Provided records |
----------------------------------------

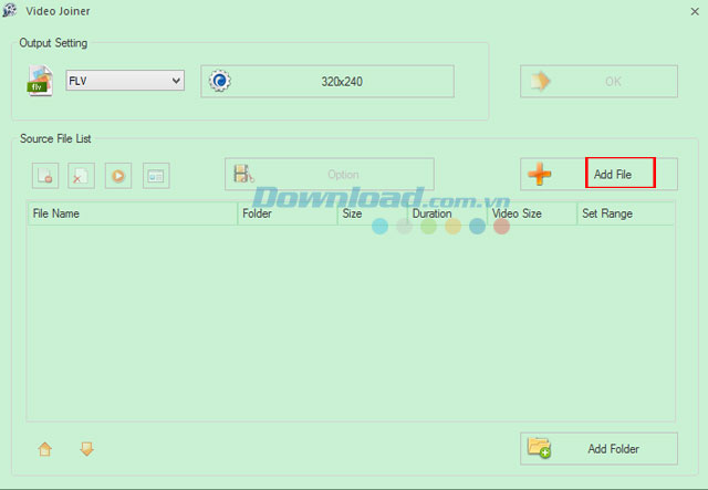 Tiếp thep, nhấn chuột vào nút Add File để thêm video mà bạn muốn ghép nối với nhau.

----------------------------------------

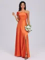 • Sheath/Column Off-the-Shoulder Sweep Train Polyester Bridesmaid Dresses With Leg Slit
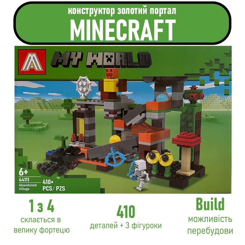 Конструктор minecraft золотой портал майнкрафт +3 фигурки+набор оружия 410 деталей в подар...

----------------------------------------

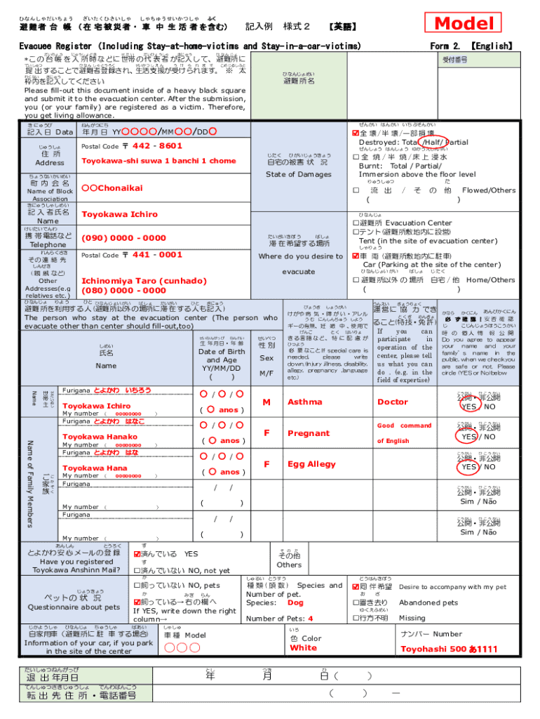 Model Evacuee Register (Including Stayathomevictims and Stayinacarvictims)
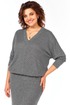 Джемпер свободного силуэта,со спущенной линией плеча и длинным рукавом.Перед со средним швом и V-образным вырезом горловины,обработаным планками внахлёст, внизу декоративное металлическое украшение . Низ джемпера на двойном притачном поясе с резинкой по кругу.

----------------------------------------

Work request |
Using the data above, return the lines from the one holding "With Leg Slit" through the one holding "Конструктор minecraft золотой" exactly, but not the pictures.

Written solution |
 • Sheath/Column Off-the-Shoulder Sweep Train Polyester Bridesmaid Dresses With Leg Slit
 Конструктор minecraft золотой портал майнкрафт +3 фигурки+набор оружия 410 деталей в подар...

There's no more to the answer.